Allo sportello, per ottenere l’assegno, ha esibito il falso documento, versato euro 9.000 cash e dichiarato che il Denaro era frutto della propria attività di commerciante di vestiti. Come recapito telefonico per le comunicazioni ancora una volta il boss ha lasciato il cellulare di Gulotta. L’auto è stata assicurata a nome di Gentile e in almeno un anno le polizze, come hanno mostrato le comparazioni grafiche, hanno portato la firma di Messina Denaro. Dalle indagini è emerso anche che nel 2007 l’architetto ha acquistato per conto del mafioso una moto Bmw che sarà poi lo stesso Gentile a portare alla demolizione in una officina a cui si fa riferimento in un pizzino nascosto in una sedia, trovato a casa della sorella di Messina Denaro, Rosalia.

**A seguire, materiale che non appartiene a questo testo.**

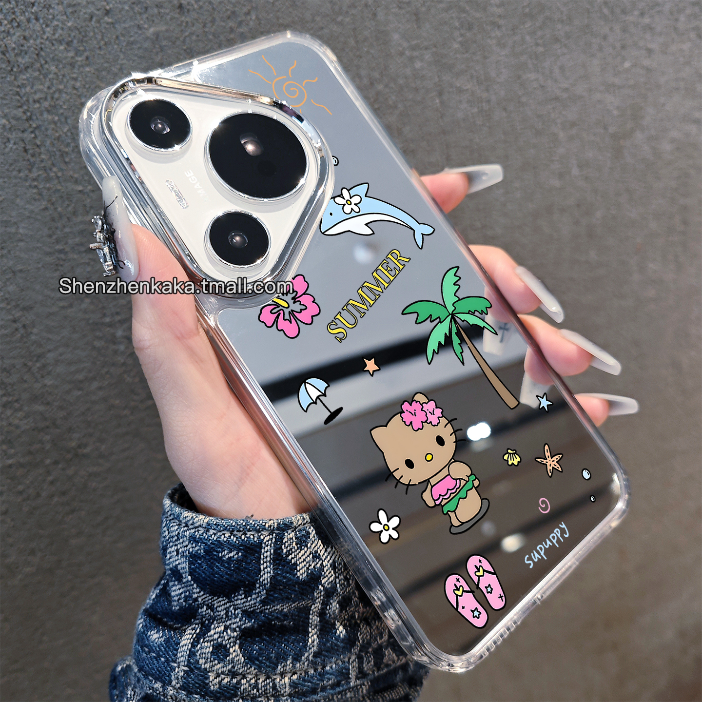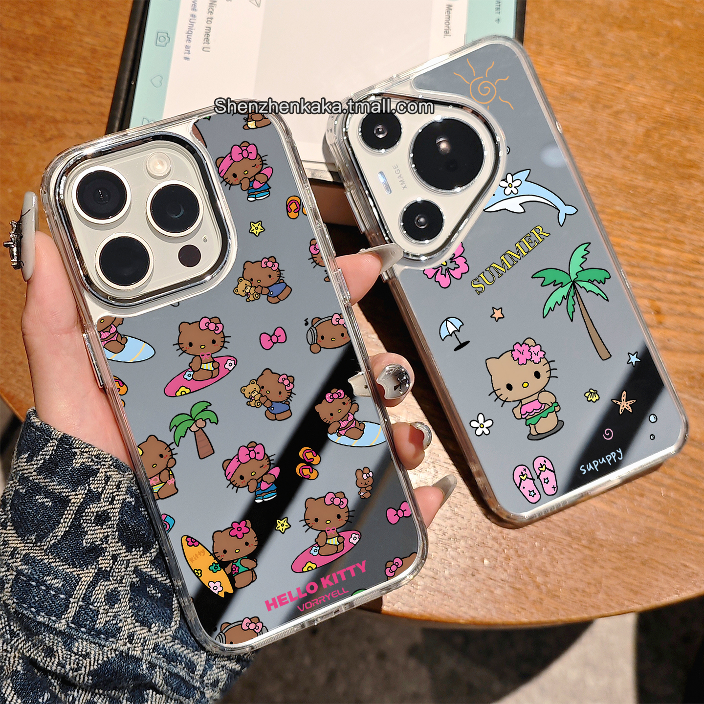 夏季 nova9凯蒂猫opporeno14可爱女vivox200 度假黑皮kitty手机壳镜面苹果16pro适用17promax小米15华为pura80

I bolli di moto e auto nel 2016 sono stati pagati l’uno a 40 secondi dall’altro in una tabaccheria di Campobello di Mazara dove, sette anni dopo, pochi giorni prima dell’arresto, il capomafia era andato a fare acquisti, come dimostra uno scontrino ritrovato dal Ros. Poi c’è il fronte sanitario, tutto ancora da scandagliare. Al momento è emerso che il latitante ha potuto godere di aiuti importanti come quello ricevuto da Cosimo Leone, che si sarebbe occupato di far fare una Tac urgente al capomafia (Tac, come risulta da documenti sanitari, anticipata più volte).
Secondo gli investigatori, inoltre, Leone avrebbe costantemente informato dello stato del paziente un altro fiancheggiatore, Andrea Bonafede, cugino e omonimo del geometra che ha prestato al boss l’identità per farsi curare. Sono decine i contatti telefonici tra i due nei giorni in cui il capomafia si trovava all’ospedale di Mazara scoperti dai carabinieri. E dalle analisi dei tabulati risulta evidente che Bonafede fece avere al boss un cellulare mentre questi era ricoverato.